File: skim2rrna_seed.fasta
Description: Reference seed dataset used for ribosomal gene assembly and annotation with GetOrganelle. This FASTA file was generated using go_fetch.py (https://github.com/o-william-white/go_fetch) which downloads sequences from related taxa from NCBI.
File: skim2rrna_shao_et_al.zip
Description: Zipped file containing ribosomal assemblies of raw sequence data from Shao et al. (2023) https://doi.org/10.1016/j.cell.2023.02.005. The assembled sequences are in FASTA format and samples are named following the sample names used by Shao et al. (2023). In total there are 78 FASTA files.

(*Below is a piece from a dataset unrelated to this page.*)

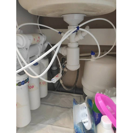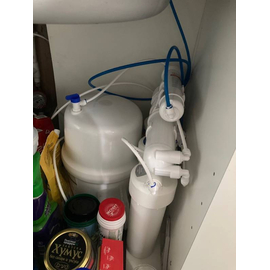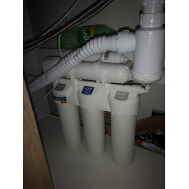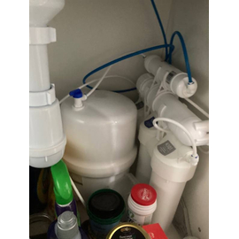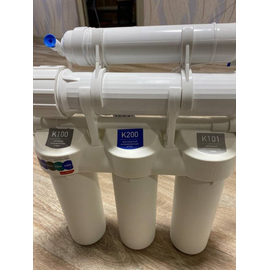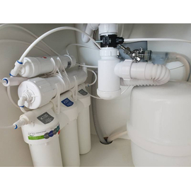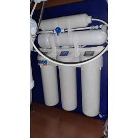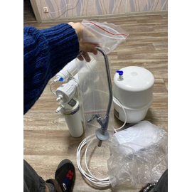 В комплект уже входят картриджи и мембрана, отдельный кран для очищенной воды, накопительный бак и всё необходимое для быстрой установки фильтра на месте эксплуатации.

File: skim2mito_shao_et_al.zip
Description: Zipped file containing mitochondrial assemblies of raw sequence data from Shao et al. (2023) https://doi.org/10.1016/j.cell.2023.02.005. The assembled sequences are in FASTA format and samples are named following the sample names used by Shao et al. (2023). In total there are 78 FASTA files.
File: sankey_plots.zip
Description: Zipped file containing sankey plots to visualise where sequence data was retained or lost throughout each step of the pipeline. The sample names are the same as those presented in our study. The sankey plots can be visualised in the HTML files and the associated metadata used to build the plots is found in the folder sharing the same sample name. In total there are 40 HTML files.